The United States and China have teamed up to tackle the pressing global issue of climate change. President Barack Obama and President Xi Jinping announced their ambitious bi-lateral agreement in a joint press conference on Wednesday in Beijing, where both leaders were attending the Asia Pacific Economic Cooperation (APEC) summit.
Under this historic agreement, the US will reduce its carbon emissions by 26% – 28% below its 2005 levels by 2025. China will cap its growing emissions by 2030, if not earlier, and increase its use of non-fossil fuels by 20% by the same year.
While ambitious, climate scientists say the amount of emission cuts laid out in this bi-lateral agreement alone will not be enough to meet the current global goal of limiting warming to less than 2°C (3.6°F) above pre-industrial levels. That said, it does clear the path for other nations to take similar actions.
China and the US are the world’s two largest economies and two largest carbon polluters.

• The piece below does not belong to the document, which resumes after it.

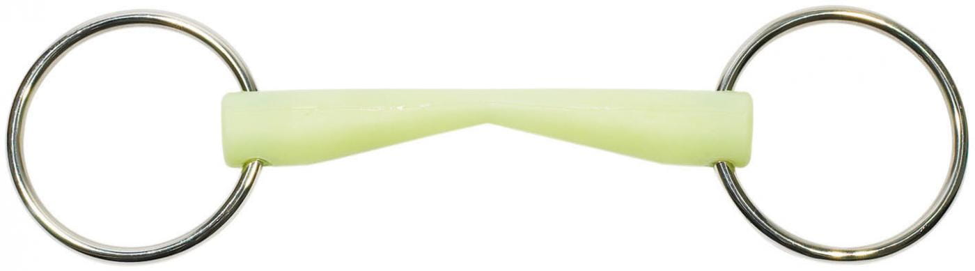 wędzidło z tworzywa sztucznego, bardzo dobra jakość jednoczęściowy, wygięty, elastyczny ścięgierz może być używany opcjonalnie jako ścięgierz prosty lub z wygięciem na język wzmaga żucie smakowe rdzeń i pierścienie ze stali szlachetnej

By acting together, President Obama said, “We hope to encourage all major economies to be ambitious – all countries, developing and developed – to work across some of the old divides, so we can conclude a strong global climate agreement next year.”
The first indications of whether this bi-lateral action will spur long stalled global climate negotiations will come this December at the next round of UN climate talks in Lima, Peru. After that, the big test will be the 2015 UN Climate Change Conference in Paris, where the objective is a binding global agreement to reduce greenhouse gas emissions. Any deal reached there will go into effect in 2020.